-- Opening Marker --

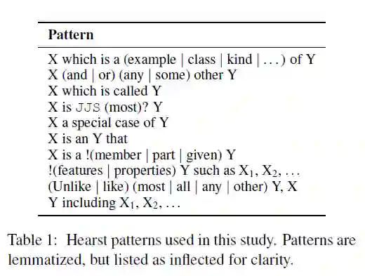 Hearst中的主要思想是利用某些词汇句法模式来检测is-a关系,比如:NPy such as NPx,或者NPx and other NPy表示的就是is-a关系。将名词短语视为有向图节点,通过使用非结构化文本和有限的先验知识来构造Hearst图,Table1中列出了本文中使用的句子模型,用E={u,v}来表示获取到的上下位词对,用w(u,v)来表示它们之间的关系。
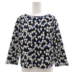 美品 agns b. アニエスベー フラワープリントブラウス 36 ネイビー レディース 古着 中古
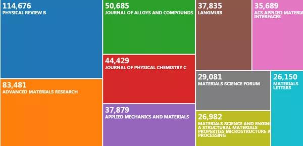 來源出版物方面,21世紀材料發(fā)文量排名前三的期刊是Physical Review B、Advanced Materials Research和Journal of Alloys and Compounds,其中Physical Review B發(fā)文量更是超過了10萬篇,其他我們耳熟能詳?shù)钠诳€包括ACS Applied Materials and Interfaces和Langmuir等。

-- Closing Marker --

### Task prompt
Without the pictures, transcribe the listing exactly as it stands.

### Result for this exercise
 Hearst中的主要思想是利用某些词汇句法模式来检测is-a关系,比如:NPy such as NPx,或者NPx and other NPy表示的就是is-a关系。将名词短语视为有向图节点,通过使用非结构化文本和有限的先验知识来构造Hearst图,Table1中列出了本文中使用的句子模型,用E={u,v}来表示获取到的上下位词对,用w(u,v)来表示它们之间的关系。
 美品 agns b. アニエスベー フラワープリントブラウス 36 ネイビー レディース 古着 中古
 來源出版物方面,21世紀材料發(fā)文量排名前三的期刊是Physical Review B、Advanced Materials Research和Journal of Alloys and Compounds,其中Physical Review B發(fā)文量更是超過了10萬篇,其他我們耳熟能詳?shù)钠诳€包括ACS Applied Materials and Interfaces和Langmuir等。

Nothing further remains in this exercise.